When the euthanasia teams arrived in the east in late 1941, they began planning the construction of killing facilities. From September through December 1941 they tested different types of poison gas. In September 1941 they carried out gassing experiments at Auschwitz, killing 600 Soviet prisoners of war with cyanide gas produced from Zyklon-B, the commercial name of a pesticide based on hydrocyanic acid. In November 1941, 30 prisoners were killed in a gas van at the concentration camp of Sachsenhausen, north of Berlin.

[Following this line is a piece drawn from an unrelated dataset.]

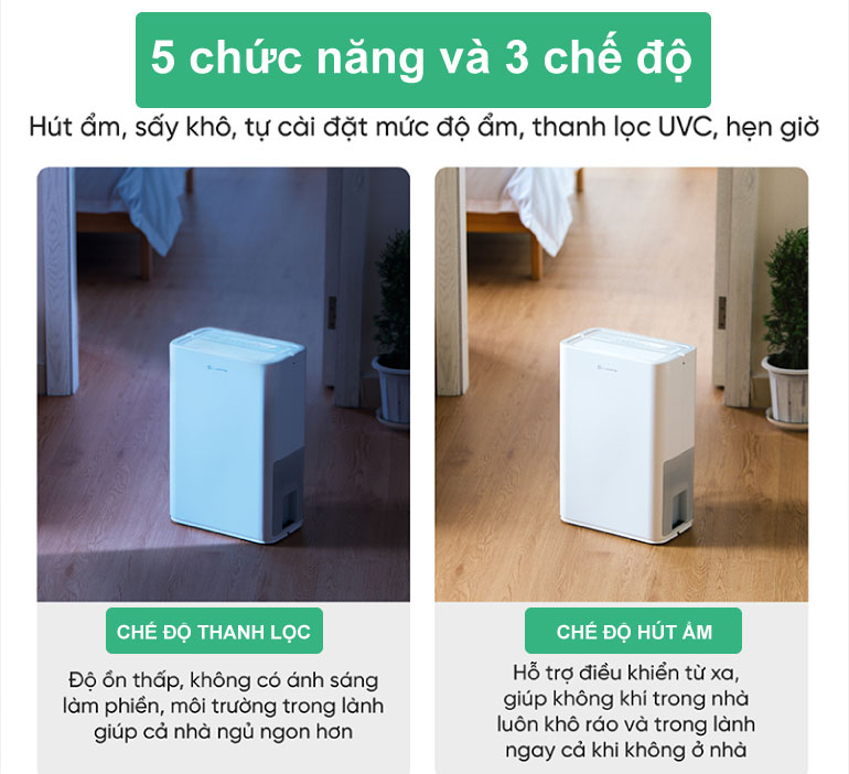 Máy hút ẩm Lumias D3 Pro là sản phẩm tiên tiến, trang bị gồm 5 chức năng thông minh bao gồm hút ẩm, sấy khô, tự cài đặt mức độ ẩm, thanh lọc UVC và hẹn giờ, đáp ứng mọi nhu cầu của người dùng. Đặc biệt, 3 chế độ sấy tùy chọn giúp bạn bảo vệ quần áo, đồ dùng một cách tốt nhất, tránh tình trạng ẩm mốc, mùi hôi hay vi khuẩn tích tụ trên bề mặt.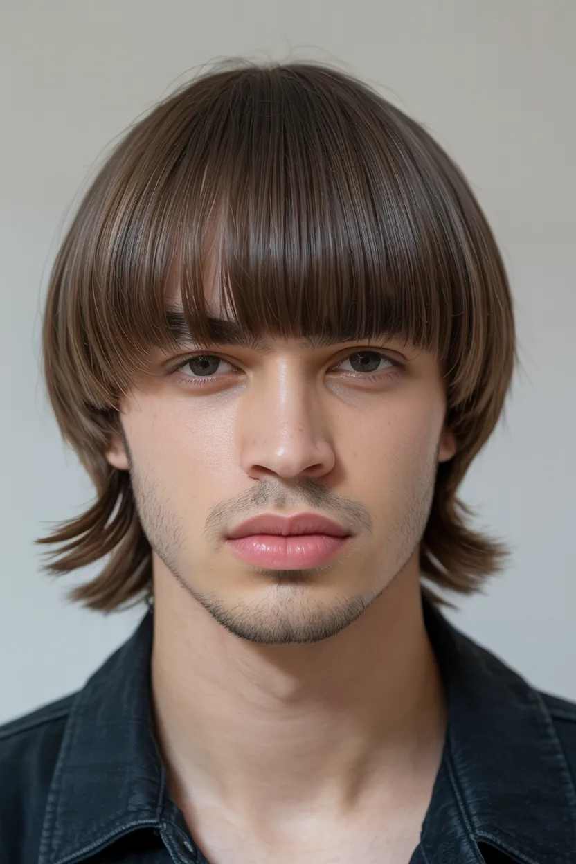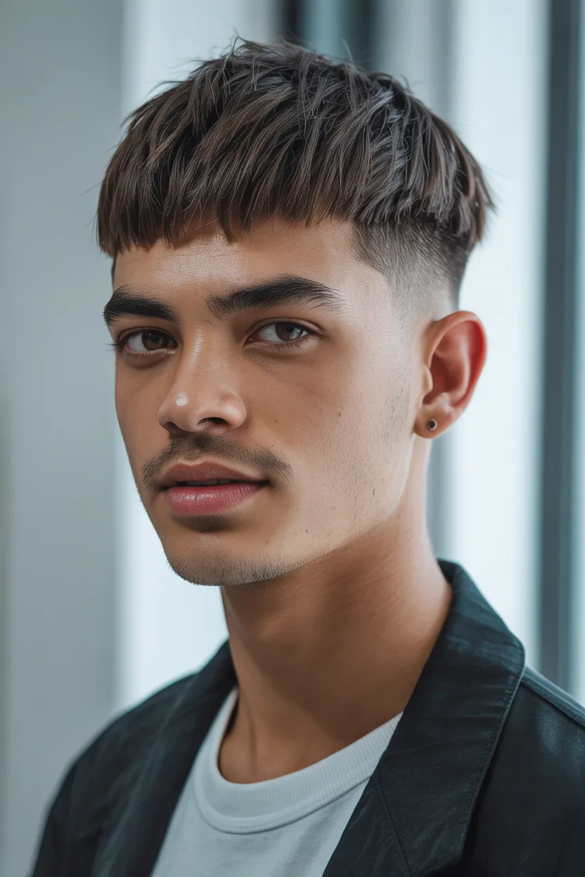 This haircut can look great if you want something softer than a quiff or side part. Straight hair helps the fringe fall neatly, which makes the overall cut look more intentional.

At the concentration camp of Chelmno, not far from Łódź, the site of a large Jewish ghetto in western Poland, gassing began on December 8, 1941.

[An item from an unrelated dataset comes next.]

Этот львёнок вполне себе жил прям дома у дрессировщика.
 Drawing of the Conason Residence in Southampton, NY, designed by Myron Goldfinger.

As the Nazis improved their gassing techniques, they decided to deport all Jews from occupied Europe to their deaths in the east. The countries from which Jews were deported included countries under German occupation—such as Norway, France, The Netherlands, Belgium, Luxembourg, Czechoslovakia, Poland, Yugoslavia, and Greece—as well as countries allied with Germany—such as Italy and Hungary. On January 20, 1942, a meeting of high-ranking officials chaired by Heydrich was convened in an SS-owned mansion in the Berlin neighborhood of Wannsee. This meeting came to be known as the Wannsee Conference. Attached to the summonses to attend the Wannsee Conference was a directive from Nazi leader Hermann Göring to Heydrich to prepare a European-wide “final solution” to the Jewish question. Heydrich told the conference participants that Jews unfit for work were to be killed and that any Jews who survived forced labor, having thereby shown their physical stamina, were for that very reason to be killed as well. The Wannsee Conference was an important signpost in the evolution of the policy of extermination because it was there that the participants were instructed to coordinate efforts for the extermination of the Jews.

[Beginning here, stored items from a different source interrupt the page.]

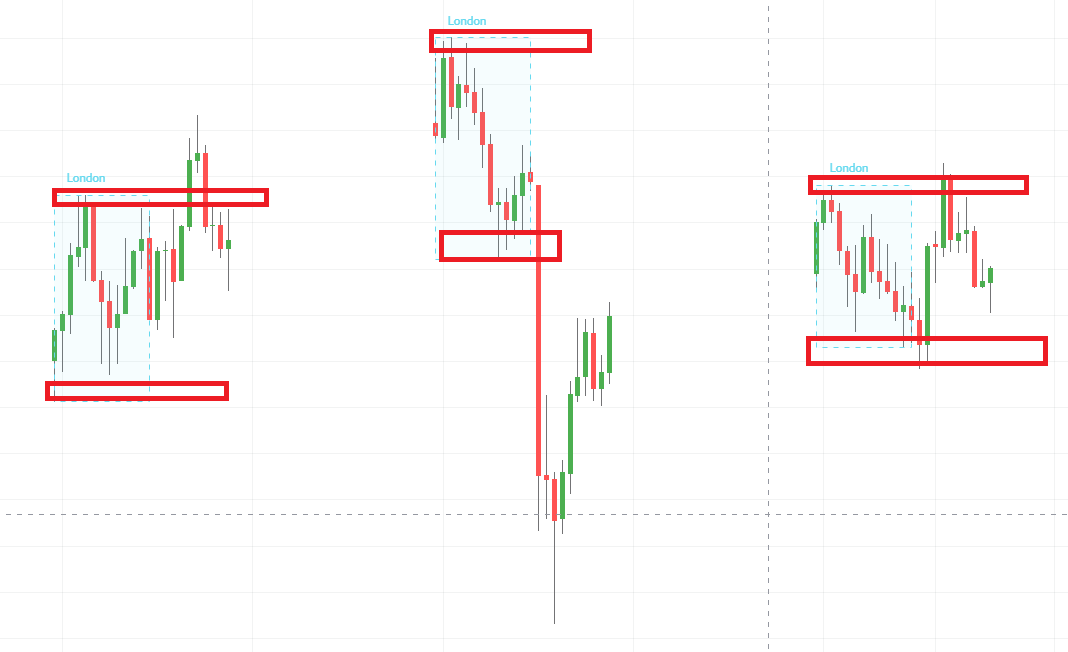You have the edges acting as SR levels. Look at the example from this last week of the NY session & London session.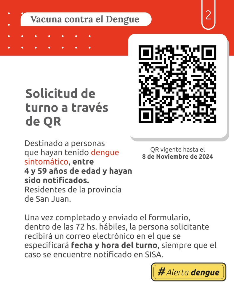 – Destinado a personas que hayan tenido dengue sintomático, entre 4 y 59 años de edad residentes de la provincia de San Juan y que se encuentren notificados en SISA.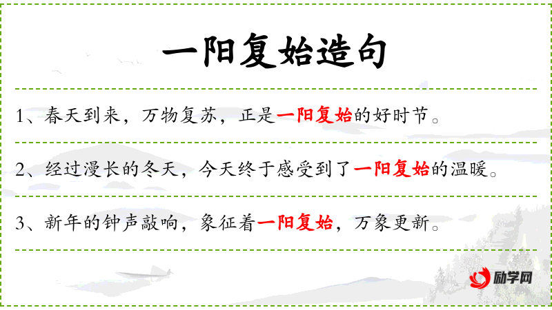 - 一阳复始:成语,意指阳气开始复苏,常用来形容新年或春天的到来。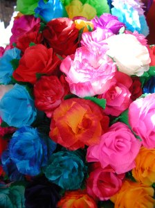 “After the Spanish conquest, paper brought from Spain became widely used, and in the 16th century the first paper mill in America was built in Culhuacan, a small town near Mexico City. A few decades later, a thin and colored paper called papel de China (paper from China) arrived with the Manila galleons and was soon used to make paper decorations like paper flowers and cut paper flags. Paper flowers were used to decorate the church in times of the year when natural flowers were not available. The art evolved as talented artisans made different types of flowers in a great variety of shades creating realistic, bright and colorful paper flowers.” Mexican Folk Art Guide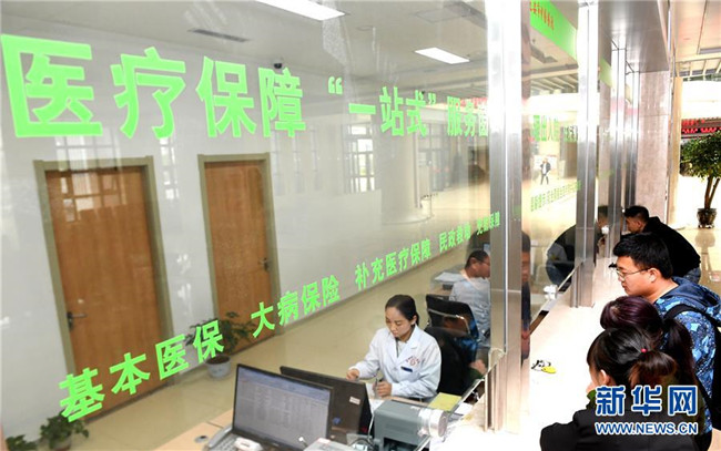 人們在陜西省延安市中醫(yī)醫(yī)院醫(yī)保結(jié)算處辦理業(yè)務(wù)(5月6日攝)。新華社記者 劉瀟 攝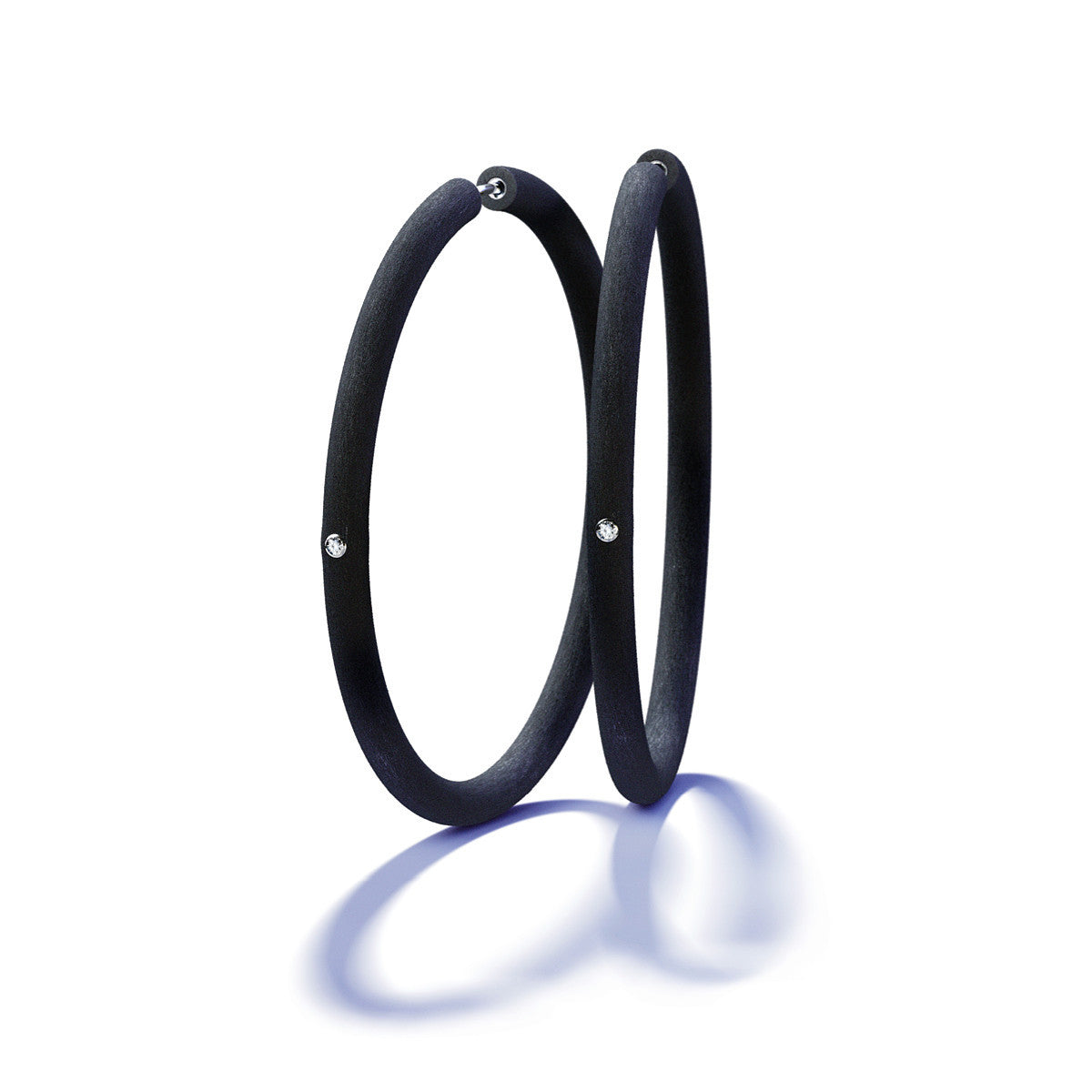earrings 58 mm diameter, made of 4 mm thick black rubber set with 2 round brilliant cut diamonds, total weight 0,04ct. H/Si, mounted in 18K gray gold bezels.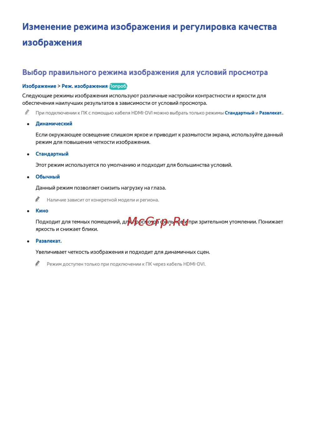 При подключении к ПК с помощью кабеля HDMI-DVI можно выбрать только режимы Стандартный и Развлекат..
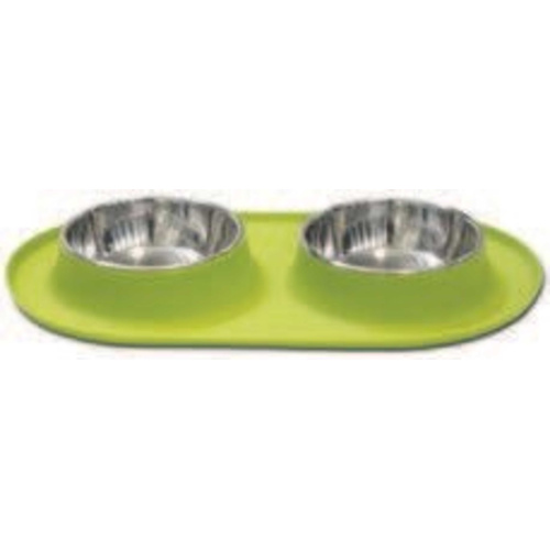 The non-slip silicone base prevents damage to your floors and holds 2 stainless steel bowls in place for your mutt. Contain any further messes with the wide lip and raised edge border.

Shortly after the Wannsee Conference the extermination of the European Jews intensified. First in line were the 3 million Polish Jews. In July 1942 Himmler laid down a schedule for their elimination in death camps. For this operation, code-named Operation Reinhard, three main gassing centers were built: Bełżec and Sobibór, in southeastern Poland not far from Lublin, and Treblinka, northeast of Warsaw. Gassing commenced at those three camps in the period from March through July 1942. From 750,000 to 950,000 Jews were gassed at Treblinka; from 500,000 to 600,000 at Bełżec; and about 200,000 at Sobibór.

Other camps were built that combined forced labor and extermination facilities. Two camps were built near Auschwitz (Oświęcim in Polish), a small town in the region of Upper Silesia. The smaller camp was known as Auschwitz I. The larger camp was called Auschwitz II and was also known as Birkenau. Most of the extermination occurred at the larger camp: About 1 million Jews died there as a result of gassing, starvation, or disease.

At the same time that the Polish Jews were being put to death in these camps, the program of deporting Jews from other parts of occupied Europe to the east was put in motion. In various European countries, teams of SS men were sent to direct the roundups and deportation of Jews by train to the killing centers and concentration camps in Poland. These operations were supervised by Adolf Eichmann, who worked under Heydrich and was entrusted with responsibility for carrying out and coordinating the “final solution.” Their task was done in stages: First the poorer members of a Jewish community were rounded up, then foreign Jews and Jewish refugees, and finally the rest of the Jewish community. Some western European Jews were initially transported to ghettos in the east and later to the concentration camps. Others were sent directly to the extermination centers.